O autores também ressaltam que essa teoria da expertise precisa ir muito além do que aquilo que os autores chamam de “sociologia da atribuição”; ou seja, uma ideia antirrealista de que a expertise simplesmente como uma atribuição arbitrária feita por atores sociais, e não baseada em realidades objetivas. Não — “a abordagem realista adotada aqui é diferente. Ela parte da visão de que a expertise é uma posse real e substantiva de grupos de experts e de que indivíduos adquirem expertise real e substantiva por meio de sua associação a esses grupos” (p. 3–4). Bingo: é disso que Guilherme falou ao defender a realidade da autoridade epistêmica e Marcelo falou ao ressaltar as práticas sociais das comunidades científicas.

Falar sobre a realidade da expertise, contra uma visão atributiva da mesma, também nos protege de acusações generalistas ou injustas contra a ciência ou mesmo contra outras comunidades de prática (como a arte, por exemplo). Sim, é verdade que sempre há charlatães e mentirosos, fingindo uma expertise que não têm, e os autores passam boa parte do livro explorando essa situação. Além disso, é comum, de vez em quando, encontrarmos escândalos, como o de Alan Sokal, que conseguiram aprovar um artigo sem qualquer base na realidade em uma revista consagrada, o que provaria, de certa forma, que não há expertise real, mas apenas “uma rede de favores e prestígio acadêmico”. E, por fim, o próprio Collins, junto com Trevor Pinch, no livro “Dr. Golem”, ressalta como as próprias instituições e práticas muitas vezes colocam dificuldades na garantia desses padrões de excelência e expertise, discutindo, por exemplo, os charlatães na área médica:

“Falsos médicos raramente são desmascarados como resultado de erros médicos porque a equipe à sua volta está pronta para lhes dar ‘cobertura’. […] Consequentemente, muitos falsos médicos têm a oportunidade de aprender a função e tornarem-se consideravelmente bem-sucedidos. […] Por conseguinte, profissionais médicos que trabalham com falsos médicos podem ficar perplexos quando descobrem que foram enganados.” (p. 85, nota 63)

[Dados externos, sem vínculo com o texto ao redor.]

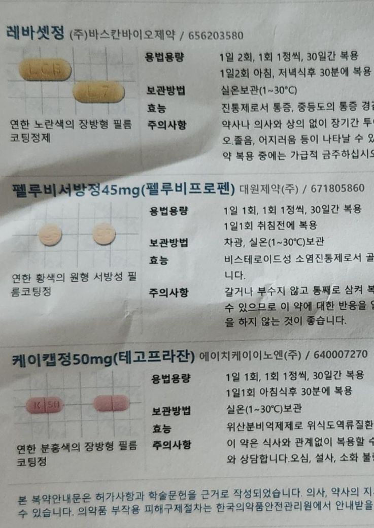 딱히 이약의 부작용이라고 보기에는 좀 어렵긴하네요. 제산제를 오래 드셨고 위장장애가 좀 있으시면 SIBO로 인한 주사병을 의심해보겠는데 단기간 복용이라 아닐 듯 하고 일단 레바셋을 중단해보시기 바랍니다.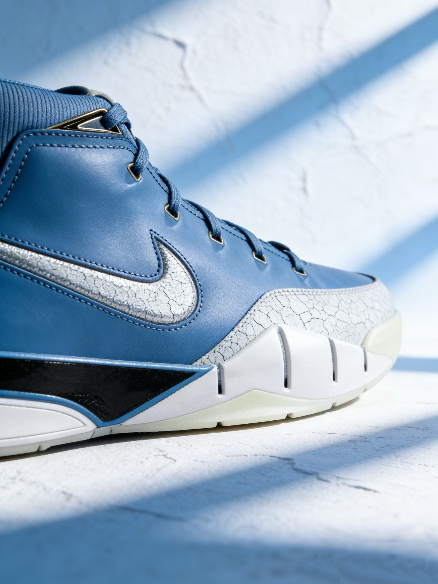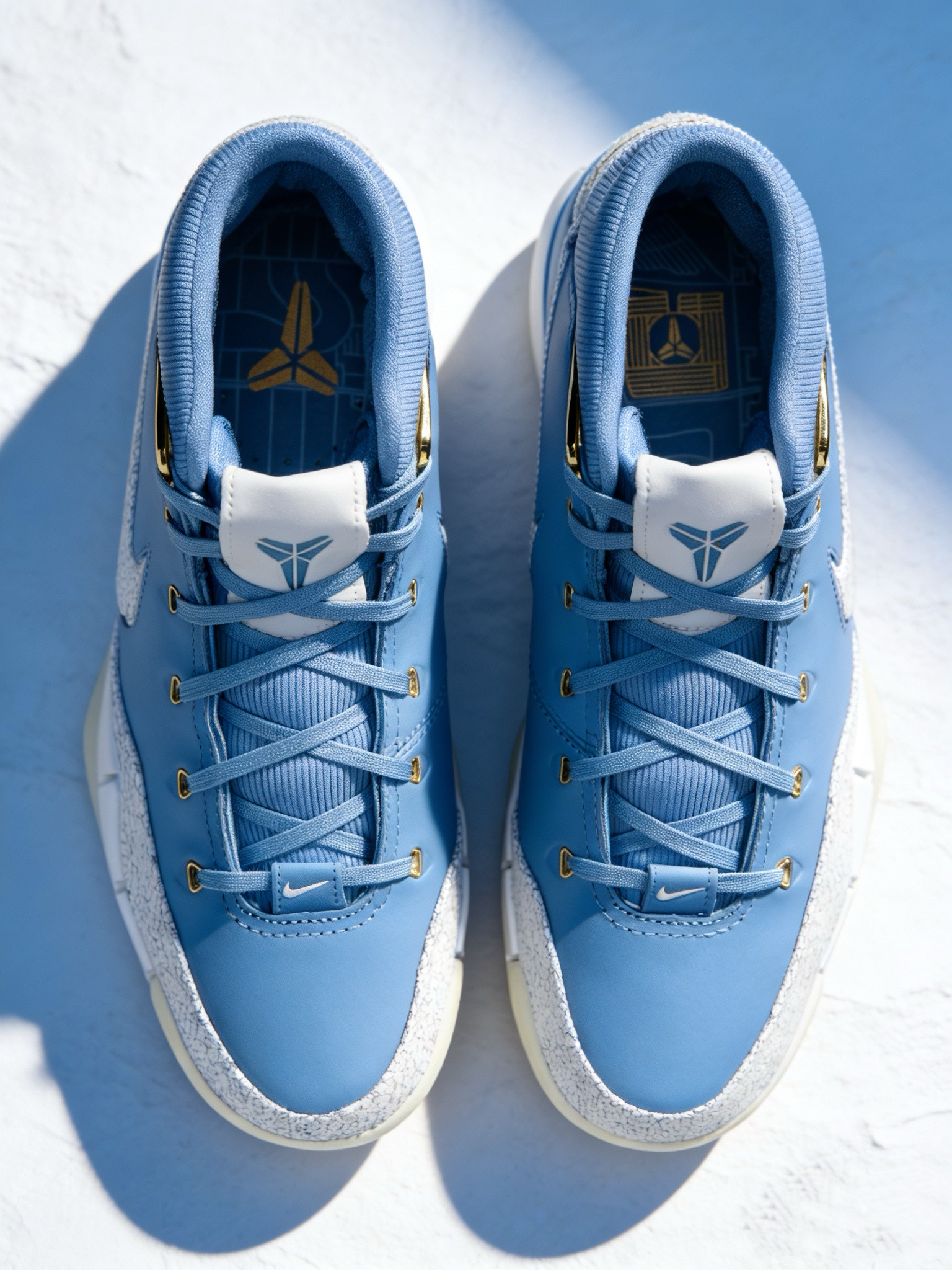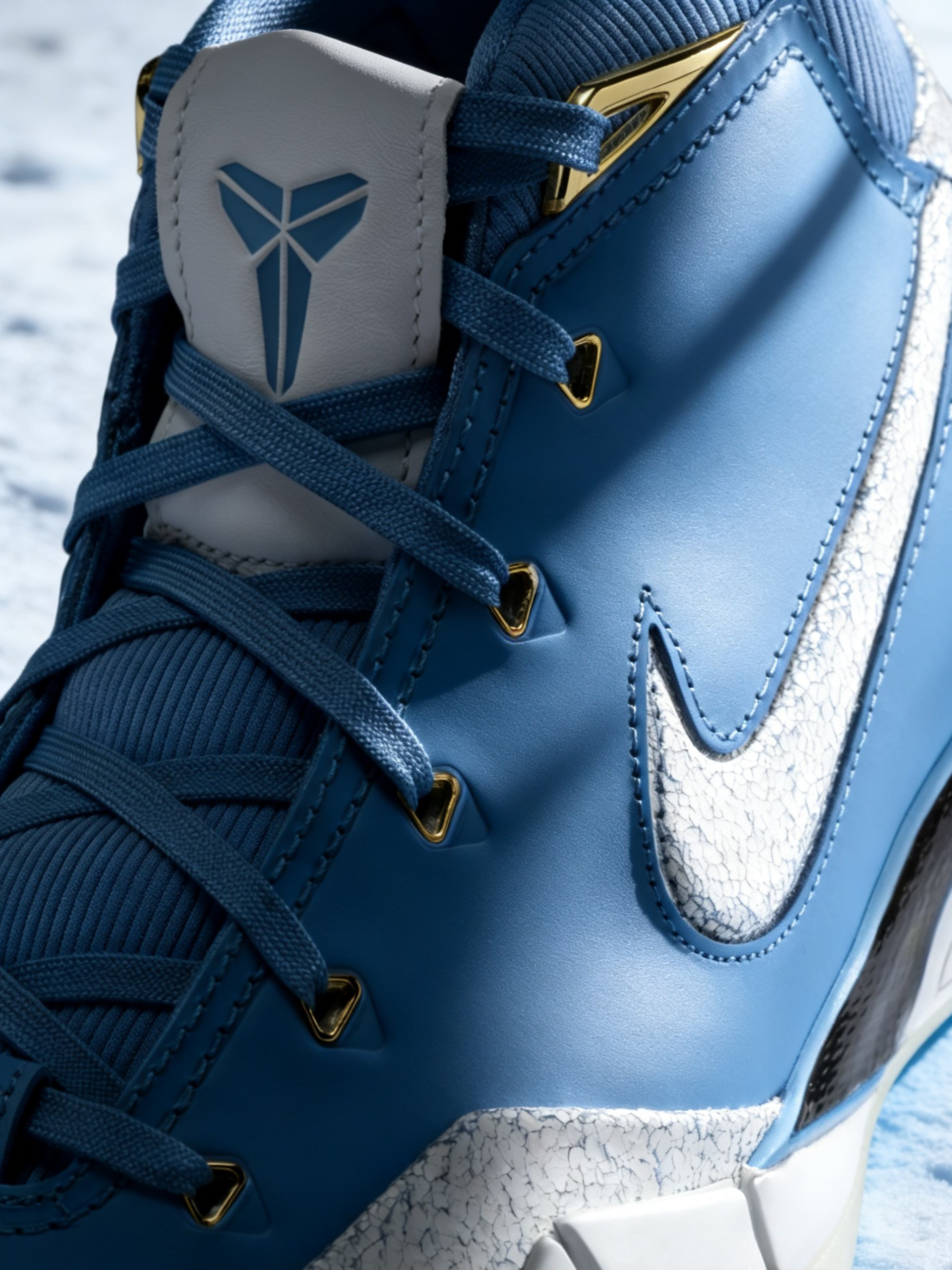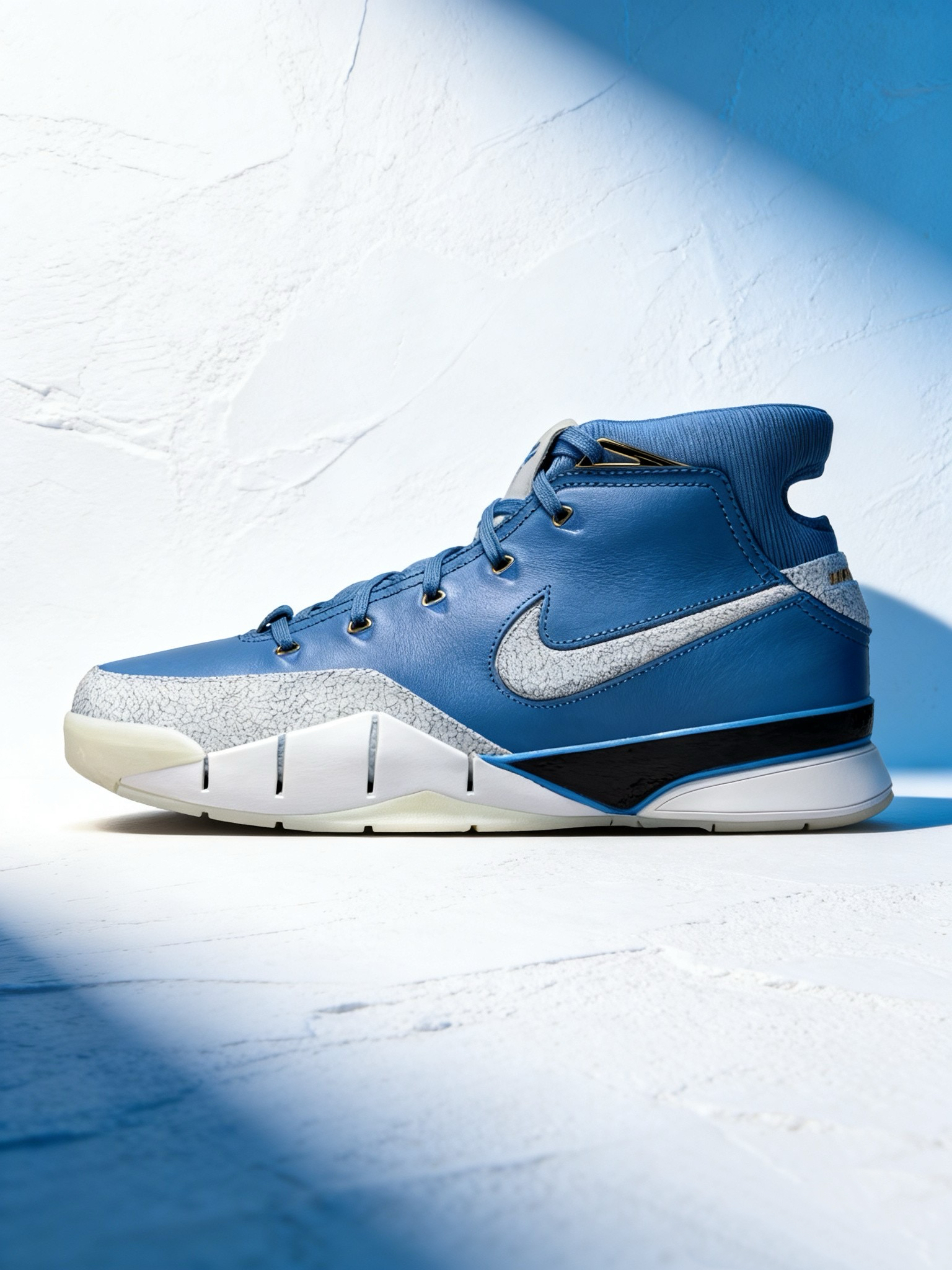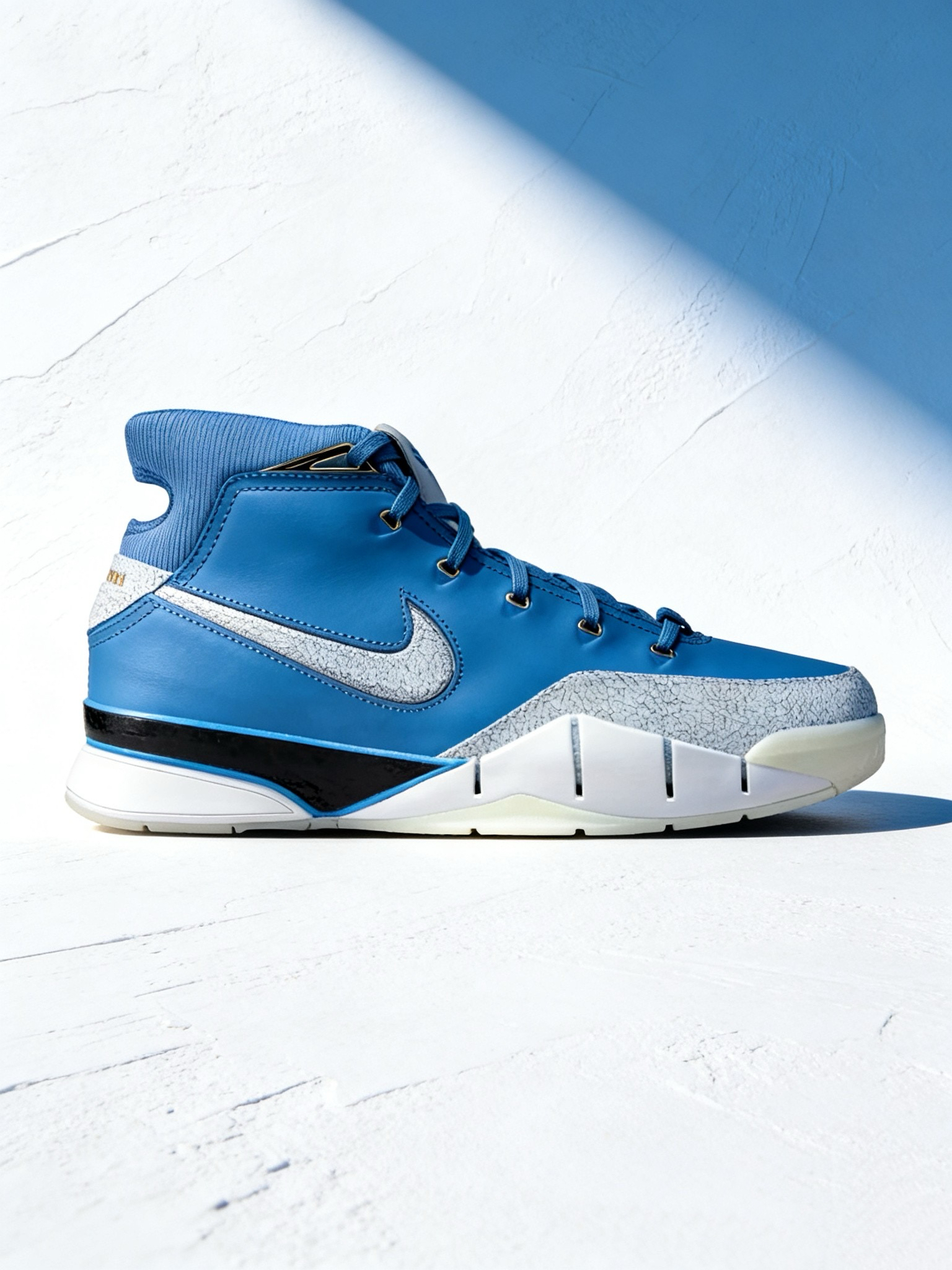 配色与设计:浅蓝色主色调搭配白色、金色细节,视觉清爽且有层次感,后跟金色点缀和鞋舌曼巴Logo是标志性元素,整体颜值在线,既适合实战也适合日常穿搭。 配置升级:作为Protro(Performance Retro)版本,相比原版Kobe 1在缓震、支撑等方面有优化,中底采用前掌Zoom Air气垫+后掌Cushlon泡棉,脚感更贴合现代实战需求,外底耐磨性和抓地力表现也较好。

Todos esses problemas são muito reais e, devo acrescentar, acontecem muito hoje, tendo eu mesmo visto esse tipo de situação em minha trajetória acadêmica. Entendo que precisamos superar uma visão ingênua de uma comunidade de prática como sempre capaz de manter padrões reais de valor e virtude epistêmica , pois às vezes o que acontece é o contrário. Instituições reforçam fraudes e vícios, e os próprios autores, por exemplo, reconhecem os diversos problemas com a revisão por pares, e que “três décadas de pesquisa nos estudos da ciência e tecnologia nos mostraram que julgamentos internos feitos por um expert em relação a outro são sempre contestáveis” (p. 94).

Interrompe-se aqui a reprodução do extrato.